C:  PSA50RR and PSA90RR were higher with enzalutamide + LuPSMA vs enzalutamide-alone: 93% (77/83) vs 68% (54/79) (p<0.001) and 78% (65/83) vs 37% (29/79) (p<0.001), respectively.

Inventiveness and innovation are the necessary requisites for developing more molecular “Smart Utility Vehicles” that will promote the delivery and uptake of more ligands into tumors, which will be expressed as an SUV measure increment and, ultimately, will contribute to  the effectiveness of RLT.

References

1. https://radiopaedia.org/articles/standardised-uptake-value-suv?lang=us
2. Michael S. Hofman. The Hierarchy of SUVs: From Diagnostics to Therapeutics and the Pathway to Effective Theranostics. Journal of Nuclear Medicine. December 2023, 64 (12) 1845-1847; DOI: https://doi.org/10.2967/jnumed.123.266930
3. Staniszewska M, Fragoso Costa P, Eiber M, Klose JM, Wosniack J, Reis H, Szarvas T, Hadaschik B, Lückerath K, Herrmann K, et al.

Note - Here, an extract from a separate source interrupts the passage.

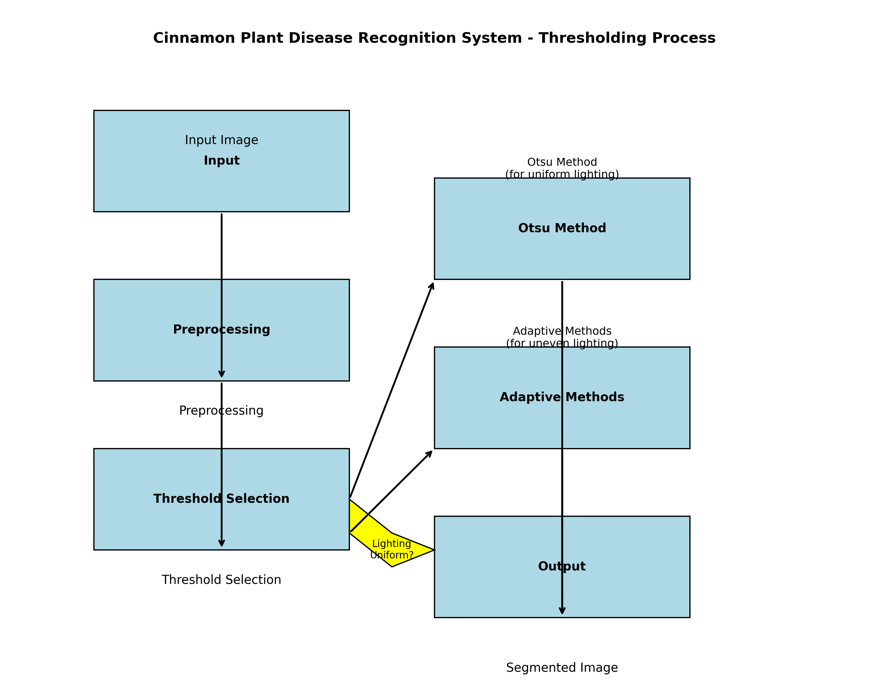 在肉桂植物病害识别系统中,Otsu方法可以自动确定最佳分割阈值,适用于光照条件相对均匀的图像。然而,对于光照不均的图像,全局阈值分割效果可能不佳,这时可以采用自适应阈值分割方法,如局部阈值或基于边缘的阈值方法。
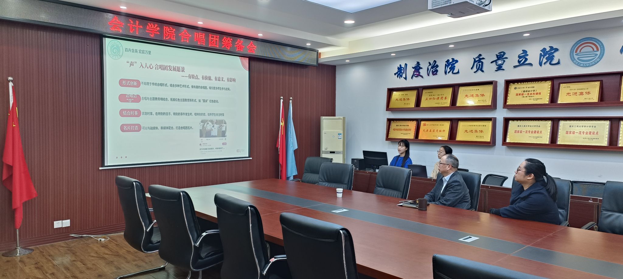 学院卉宸艺术团团长黄子洁分别从组织结构介绍、学年活动计划、活动开展总结、未来展望四个维度进行2023年艺术团工作汇报;从发展规划、组织结构、团员发展等多个维度对合唱分团的成立进度进行了充分汇报。

Enzalutamide Enhances PSMA Expression of PSMA-Low Prostate Cancer. International Journal of Molecular Sciences. 2021; 22(14):7431. https://doi.org/10.3390/ijms22147431
4. Emmett, L., Subramaniam, S., Joshua, A.M., Crumbaker, M., Martin, A., Zhang, A.Y., Rana, N., Langford, A., Mitchell, J., Yip, S., Francis, R., Hofman, M.S., Sandhu, S., Azad, A., Gedye, C., McJannett, M., Stockler, M.R., Davis, I.D. and (2021), ENZA-p trial protocol: a randomized phase II trial using prostate-specific membrane antigen as a therapeutic target and prognostic indicator in men with metastatic castration-resistant prostate cancer treated with enzalutamide (ANZUP 1901). BJU Int, 128: 642-651.https://doi.org/10.1111/bju.15491 
5. https://www.urotoday.com/conference-highlights/esmo-2023/esmo-2023-prostate-cancer/147459-esmo-2023-enza-p-anzup-1901-enzalutamide-and-177lu-psma-617-in-poor-risk-metastatic-castration-resistant-prostate-cancer-mcrpc-a-randomized-phase-2-trial.html.